У нашего мозга есть два режима — режим выживания и режим обучения. Обучающийся мозг — это организация систем в мозге, которая позволяет людям свободно развиваться и исследовать мир в поисках личностно значимых знаний. Это области мозга, которые координируют сознательное мышление, мыслительные, оценочные, обучающиеся части мозга (префронтальные области коры). Это мозговые структуры, благодаря которым человек осуществляет психические функции. Анатомически к нему относятся кора (серое вещество) больших полушарий головного мозга и мозжечок. Эволюционно это наиболее молодая часть мозга, также называемая неокортексом.

Выживающий мозг — это защитные, или оборонительные, системы в мозге, которые позволяют людям выживать тогда, когда их безопасность находится под угрозой. Это области мозга, которые отвечают за наши неосознанные защитные реакции гипервозбуждения и гиповозбуждения (с участием ствола мозга, миндалевидного тела и других структур среднего мозга). Б. Ван дер Колк, не побоюсь этого слова, главный исследователь травмы, в своей книге «Тело помнит все» также связывает его с мозгом эмоциональным, образованным из рептильного мозга и лимбической системы. Он находится в самом центре нашей центральной нервной системы, и его главной задачей является забота о нашем благополучии.

По клеточной структуре и биохимии эмоциональный мозг устроен значительно проще, чем неокортекс, наш рациональный мозг, и он обрабатывает поступающую информацию более глобально. Можно сказать, что ему недоступны изящные и элегантные решения, которые может предложить нам наша префронтальная кора, — он похож на величественного, но немного невежественного дикаря, реагирующего на опасность ограниченными, топорными способами.

Сталкиваясь со стрессором, мы мгновенно реагируем на угрозу, состояние нашего организма на короткое время меняется, а затем мы возвращаемся к нормальному функционированию. Мы переключаемся на режим выживания — и довольно быстро возвращаемся к привычному, стабильному, приятному режиму обучения.

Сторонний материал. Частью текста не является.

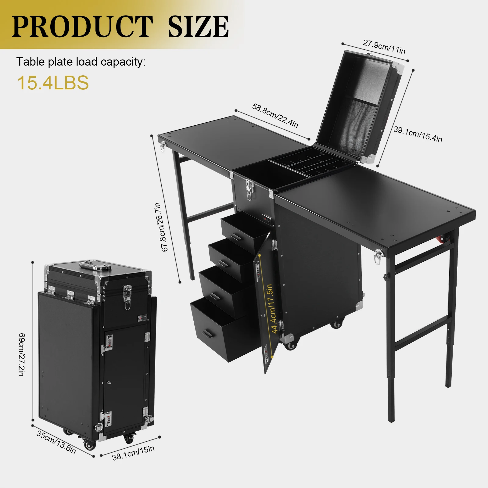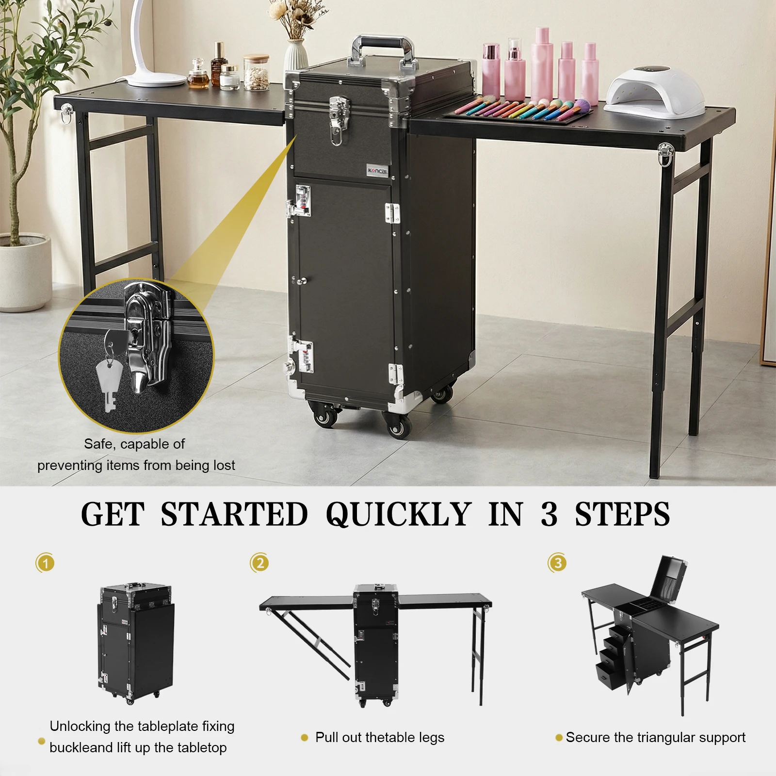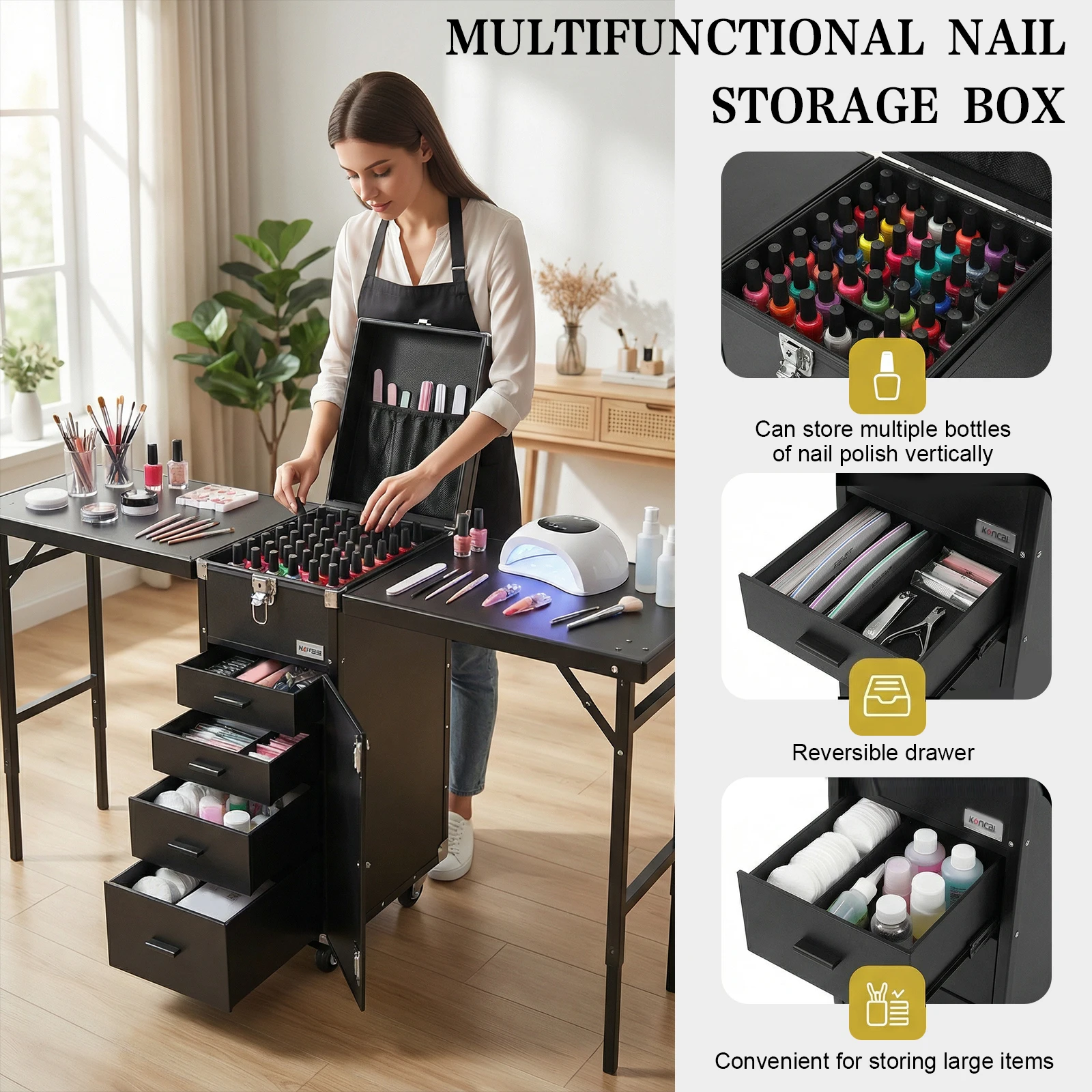 Portable Nail Table Desk with Wheel & Drawers Foldable Rolling Manicure Table Large Capacity Lockable Makeup Train Case for Nails Tech & Salon

Но жизнь с КПТСР — это жизнь в режиме выживания. Это жизнь в плену своих реакций. Это жизнь, в которой главенствует травматический стресс. У людей, переживших травму, уровни гормонов стресса нормализуются гораздо дольше, а при малейшем стрессе подскакивают быстро и непропорционально высоко. Эти люди застревают в режиме выживания, застревают в хронической самозащите, застревают в необходимости обороняться — даже тогда, когда их враг уже не имеет над ними власти. Мозг, который застрял в режиме выживания, не может развить основные адаптивные способности, обеспечивающие здоровье, рост, обучение и жизнестойкость (то есть саморегуляцию, чувство собственного достоинства, физическое развитие и значимые достижения и отношения).

Но самое поразительное в комплексной травме даже не эта усиленная реакция, которая может в долгосрочной перспективе влиять на многие аспекты нашей жизни. Самое поразительное — это то, что режим выживания, в котором хронически живут люди, находящиеся в плену у травматического опыта, ими не осознается. Их организм регистрирует угрозу, однако их сознание продолжает функционировать так, словно ничего не случилось.

Но вот что критически важно: выживающий мозг не является менее интеллектуальным, чем обучающийся. Напротив, он представляет собой исключительный интеллект в борьбе с опасностью и для достижения жизненных целей, но ценой истощения доступных умственных и физических ресурсов.

Да, в каком-то смысле это дикарь; но в этом дикаре заключена вся мудрость эволюции, благодаря которой существует человечество. И именно этот исключительный интеллект позволил нам выжить. Он не наш враг. Он главный наш друг. Он тот, кто привел нас в эту точку пути. Он тот, кто сделал ее возможной.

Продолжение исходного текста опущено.